MdB Jörg Tauss Kinderporno-Fund bringt SPD-Politiker in Erklärungsnöte

Der Druck auf den Bundestagsabgeordneten Jörg Tauss wächst: Die Staatsanwaltschaft hat in seinem Büro Kinderpornographie beschlagnahmt und sieht ihren ersten Verdacht verstärkt. Der SPD-Politiker hält dagegen: Die Materialien habe er für seinen Job als Medienexperte gebraucht.

Berlin - Der Karlsruher SPD-Bundestagsabgeordnete Jörg Tauss steht nach dem Fund von Kinderporno-Bildmaterial in seinen Räumen unter Erklärungsdruck. Nach Durchsuchungen in Büros und Privatwohnungen des Politikers sagte ein Sprecher der Karlsruher Staatsanwaltschaft am Donnerstag: "Wir sind in Berlin fündig geworden." Es sei "einschlägiges Material" beschlagnahmt worden.

Dies bedeute aber nicht, dass Tauss damit überführt sei. Der Politiker habe das Material mit seiner Tätigkeit als Abgeordneter erklärt. Tauss, der medienpolitische Sprecher der SPD-Fraktion ist, sagte der dpa, er könne die Vorwürfe "nicht nachvollziehen".

Für die Staatsanwaltschaft ist nun ein "echter Einstieg in konkrete Ermittlungen" möglich. Tauss müsse erklären, woher das Material stamme. Tauss, der auch Generalsekretär der baden-württembergischen SPD ist, sagte: "Ich beschäftige mich seit Jahren mit dieser Szene." Ob es sich bei den Vorwürfen eventuell um eine "Revanche-Handlung" handele, könne er nicht sagen.

Vor Beginn der Durchsuchung seiner Büros und Privatwohnungen in Berlin und in seinem Karlsruher Wahlkreis war die Immunität des SPD-Politikers am Donnerstagmittag aufgehoben worden. Dem Vernehmen nach hatte sich der Immunitätsausschuss des Bundestages einstimmig dafür ausgesprochen. Tauss gilt als Technik- und Internet-Experte.

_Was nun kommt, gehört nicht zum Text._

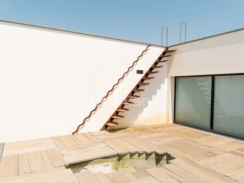 Al primo piano infine vi è la camera matrimoniale, cucina, bagno e guardaroba con anche una zona giorno che si affaccia su una terrazza caratterizzata da una particolarissima vasca zen.

Die Ermittlungen begannen nach bisherigen SPIEGEL-Erkenntnissen mit einem Hinweis der Staatsanwaltschaft Bremerhaven. Bei einem Mann, der wegen der Verbreitung von Kinderpornografie beschuldigt wird, fand man zwei Handynummern, die Tauss zugeordnet werden konnten, außerdem seine Berliner Wohnadresse. Insgesamt sollen 23 Kontakte vermerkt sein, unter anderem per SMS und MMS, wobei auch eine Video-Sequenz mit kinderpornografischem Inhalt von Tauss' Handy an den Bremerhavener verschickt worden sein soll. In mindestens einem Fall soll Tauss auch eine DVD von dem Norddeutschen erhalten haben.

Überzeugend für den Immunitätsausschuss war offenbar, dass Tauss sich in einer SMS an den Norddeutschen direkt vor einer Reise seines Bundestagsausschusses in der parlamentarische Sommerpause verabschiedet hatte. Zwei Tage nach seiner Rückkehr meldete er sich bei dem Bremerhavener zurück.

Gegen Tauss waren bereits vor drei Jahren aufgrund einer anonymen Anzeige Vorwürfe wegen Steuerhinterziehung laut geworden. Beschuldigungen, er habe Honorare aus Vorträgen nicht ordnungsgemäß versteuert, hatten sich jedoch nicht erhärtet.

Tauss gehört seit 1994 dem Parlament an und ist in der SPD-Fraktion Sprecher für Forschung, Bildung und Medien. Die SPD-Landesvorsitzende Ute Vogt sagte in Stuttgart, bis zur vollständigen Aufklärung gelte für Tauss die Unschuldsvermutung. "Persönlich ist es für mich unvorstellbar", fügte sie hinzu.

Der SPD-Politiker trat 1971 den Jusos bei und engagierte sich zunächst vor allem im gewerkschaftlichen Bereich. Eine Zeitlang arbeitete er als freier Journalist und PR-Berater. Nach seiner erfolglosen ersten Bundestagskandidatur 1990 arbeitete Tauss vier Jahre lang als Pressesprecher der IG Metall.